Trump hints stock market record high linked to optimism about his presidency

As he lauded his first month in office, President Donald Trump reaffirmed his promise to create jobs by citing the progress of the stock market as signaling a promising business environment.

"The stock market has hit record numbers, as you know. And there has been a tremendous surge of optimism in the business world," Trump said in a press conference Feb. 16. "To me means something much different than it used to. It used to mean, ‘Oh, that's good.’ Now it means, ‘That's good for jobs.’ Very different."

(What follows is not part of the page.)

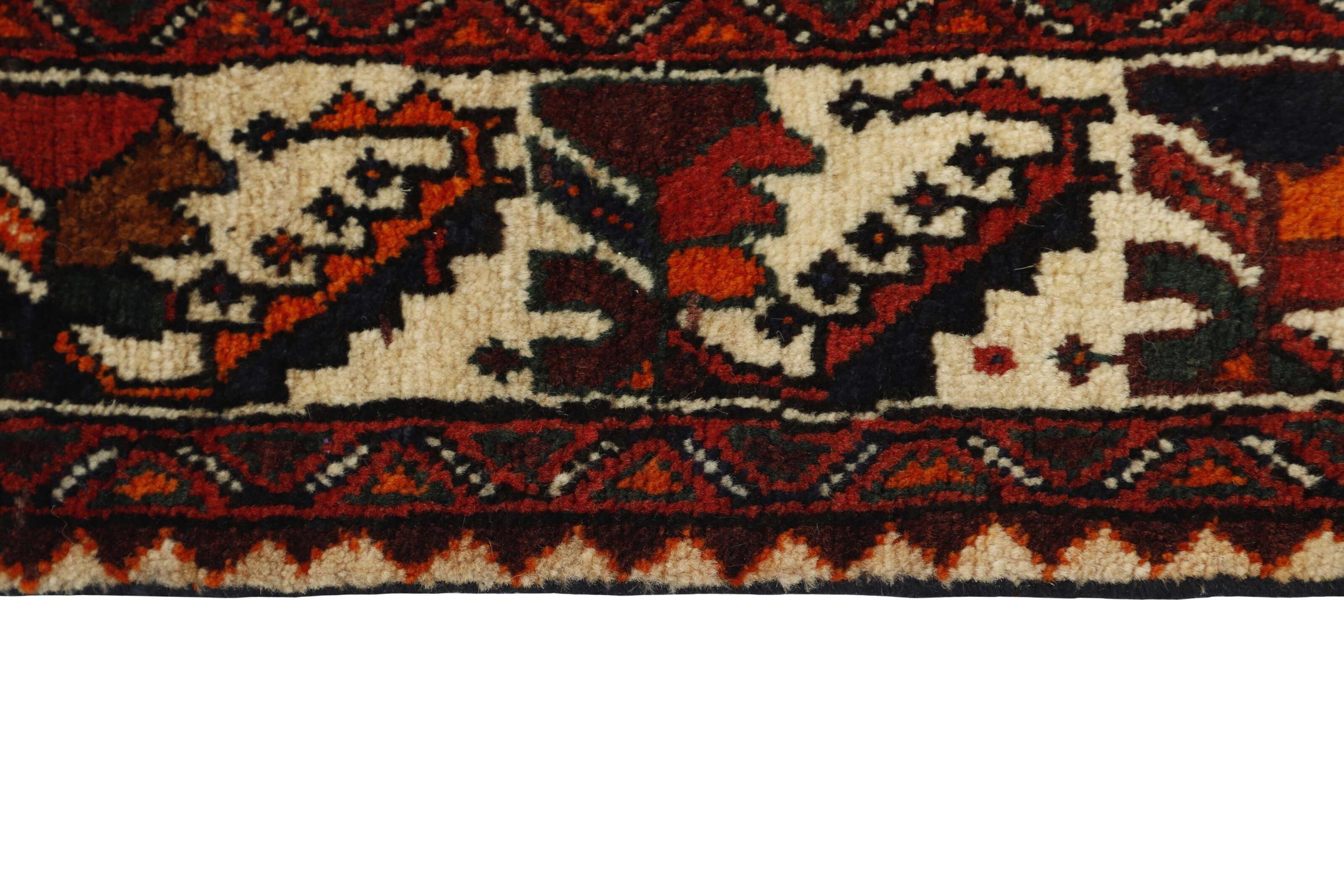 This rug belongs to village and nomadic rugs from Iran, formerly Persia. This type of rug is knotted by hand in smaller towns and villages in old tradition. Even nomads still knot Persian rugs in the open air. The rugs are knotted without a draft and completely from the mind. They are characterized by classical ornaments, which are arranged in straight and geometrical patterns. Thanks to their cultural-traditional origin, these rugs have a unique character that embodies ancient Persia.

Trump had sent a similar message earlier in the day, tweeting: "Stock market hits new high with longest winning streak in decades. Great level of confidence and optimism - even before tax plan rollout!"

All three major stock indexes closed at record highs for five days in row on Feb. 15. But does Trump get credit for that, as he suggested? Experts told us there are nuances.

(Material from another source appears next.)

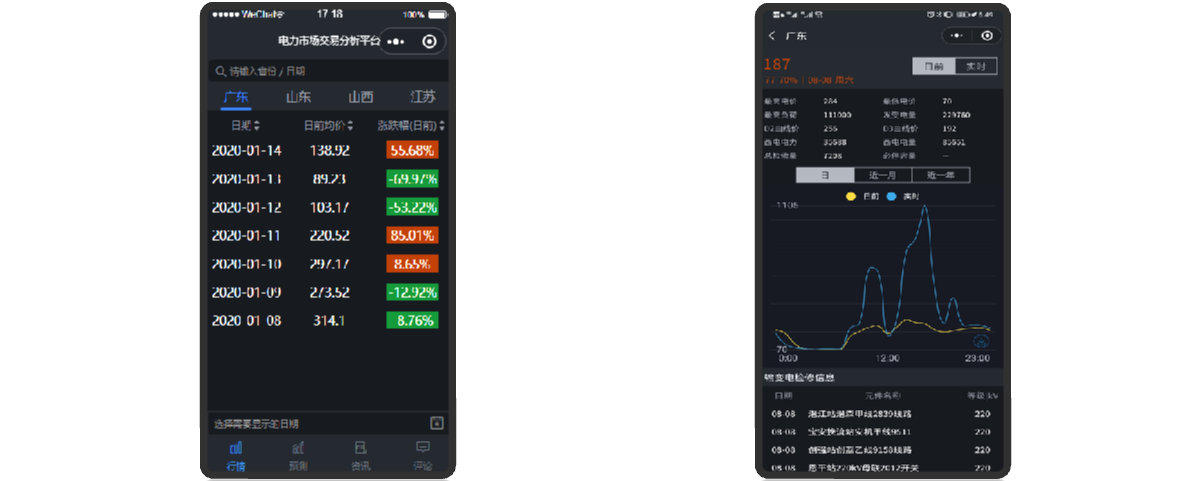 各类市场交易信息、市场资讯、负荷预测等信息实时展示。

Stock market winning streaks

The Dow Jones Industrial Average includes the stocks of the 30 largest and most powerful companies in the country (Wal-Mart, Disney, Pfizer, for example). The Standard & Poor's 500 (S&P 500) consists of the 500 most commonly traded stocks and represents about 80 percent of the total value of U.S. stock markets. The Nasdaq Composite Index features mostly technology companies.

All three major indexes on Feb. 15 closed at record highs for the fifth consecutive day.

It was the first time the three indexes achieved concurrent high records for that length of time since January 1992, according to analyses reported by CNNMoney and MarketWatch.

MarketWatch countered part of Trump’s tweet, saying that the Feb. 15 high really wasn’t "the longest winning streak in decades."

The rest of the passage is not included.